Method:	Solution NMR
Resources:	FirstGlance, OCA, PDBe, RCSB, PDBsum, ProSAT

Function

RD23B_HUMAN Multiubiquitin chain receptor involved in modulation of proteasomal degradation. Binds to polyubiquitin chains. Proposed to be capable to bind simultaneously to the 26S proteasome and to polyubiquitinated substrates and to deliver ubiquitinated proteins to the proteasome. May play a role in endoplasmic reticulum-associated degradation (ERAD) of misfolded glycoproteins by association with PNGase and delivering deglycosylated proteins to the proteasome.^[1] ^[2] ^[3] ^[4] ^[5] ^[6] ^[7] ^[8] ^[9] ^[10] ^[11] Involved in global genome nucleotide excision repair (GG-NER) by acting as component of the XPC complex. Cooperatively with CETN2 appears to stabilize XPC. May protect XPC from proteasomal degradation.^[12] ^[13] ^[14] ^[15] ^[16] ^[17] ^[18] ^[19] ^[20] ^[21] ^[22] The XPC complex is proposed to represent the first factor bound at the sites of DNA damage and together with other core recognition factors, XPA, RPA and the TFIIH complex, is part of the pre-incision (or initial recognition) complex. The XPC complex recognizes a wide spectrum of damaged DNA characterized by distortions of the DNA helix such as single-stranded loops, mismatched bubbles or single stranded overhangs. The orientation of XPC complex binding appears to be crucial for inducing a productive NER. XPC complex is proposed to recognize and to interact with unpaired bases on the undamaged DNA strand which is followed by recruitment of the TFIIH complex and subsequent scanning for lesions in the opposite strand in a 5'-to-3' direction by the NER machinery. Cyclobutane pyrimidine dimers (CPDs) which are formed upon UV-induced DNA damage esacpe detection by the XPC complex due to a low degree of structural perurbation. Instead they are detected by the UV-DDB complex which in turn recruits and cooperates with the XPC complex in the respective DNA repair. In vitro, the XPC:RAD23B dimer is sufficient to initiate NER; it preferentially binds to cisplatin and UV-damaged double-stranded DNA and also binds to a variety of chemically and structurally diverse DNA adducts. XPC:RAD23B contacts DNA both 5' and 3' of a cisplatin lesion with a preference for the 5' side. XPC:RAD23B induces a bend in DNA upon binding. XPC:RAD23B stimulates the activity of DNA glycosylases TDG and SMUG1.^[23] ^[24] ^[25] ^[26] ^[27] ^[28] ^[29] ^[30] ^[31] ^[32] ^[33]

Evolutionary Conservation

Check, as determined by ConSurfDB. You may read the explanation of the method and the full data available from ConSurf.

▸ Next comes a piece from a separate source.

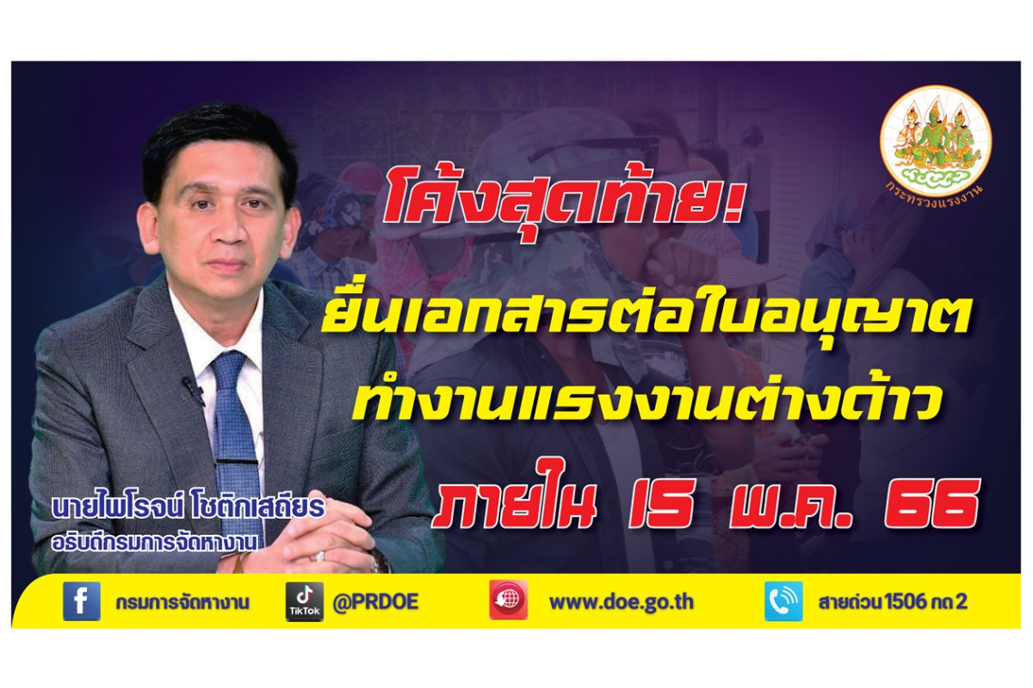 นายไพโรจน์ โชติกเสถียร อธิบดีกรมการจัดหางาน เปิดเผยว่า มติคณะรัฐมนตรีเมื่อวันที่ 7 กุมภาพันธ์ 2566 กำหนดให้คนต่างด้าวยื่นคำขอต่ออายุใบอนุญาตทำงาน ภายในวันที่ 13 กุมภาพันธ์ 2566 โดยต้องยื่นเอกสารหลักฐานให้ครบถ้วนภายในวันที่ 15 พฤษภาคม 2566 โดยที่ยังสามารถอยู่ในราชอาณาจักรเป็นกรณีพิเศษและทำงานได้อย่างถูกต้อง เพื่อให้นายจ้าง/สถานประกอบการยังคงจ้างแรงงานเหล่านั้นได้ถูกต้องตามกฎหมาย รวมทั้งภาครัฐยังสามารถกำกับและบริหารจัดการการทำงานของคนต่างด้าวได้อย่างมีประสิทธิภาพทั้งมิติของความมั่นคงและการพัฒนาเศรษฐกิจของประเทศ ซึ่งข้อมูลจากสำนักบริหารแรงงานต่างด้าว ระบุว่า มีคนต่างด้าวยื่นคำขอต่ออายุใบอนุญาตทำงานและชำระค่าธรรมเนียม จำนวน 1,873,798 คน ซึ่งมีผู้ที่ยังยื่นเอกสารหลักฐานไม่ครบถ้วนอีกจำนวนหนึ่ง กรมการจัดหางานจึงขอประชาสัมพันธ์ไปยังนายจ้างและคนต่างด้าวให้เร่งดำเนินการยื่นเอกสารหลักฐานให้ครบถ้วนภายในวันที่ 15 พฤษภาคม 2566 โดยดำเนินการ ดังนี้

Publication Abstract from PubMed

Human cells contain two homologs of the yeast RAD23 protein, hHR23A and hHR23B, which participate in the DNA repair process. hHR23B houses a domain (residues 277-332, called XPCB) that binds specifically and directly to the xeroderma pigmentosum group C protein (XPC) to initiate nucleotide excision repair (NER). This domain shares sequence homology with a heat shock chaperonin-binding motif that is also found in the stress-inducible yeast phosphoprotein STI1. We determined the solution structure of a protein fragment containing amino acids 275-342 of hHR23B (termed XPCB-hHR23B) and compared it with the previously reported solution structures of the corresponding domain of hHR23A. The periodic positioning of proline residues in XPCB-hHR23B produced kinked alpha helices and assisted in the formation of a compact domain. Although the overall structure of the XPCB domain was similar in both XPCB-hHR23B and XPCB-hHR23A, the N-terminal part (residues 275-283) of XPCB-hHR23B was more flexible than the corresponding part of hHR23A. We tried to infer the characteristics of this flexibility through (15)N-relaxation studies. The hydrophobic surface of XPCB-hHR23B, which results from the diverse distribution of N-terminal region, might give rise to the functional pleiotropy observed in vivo for hHR23B, but not for hHR23A.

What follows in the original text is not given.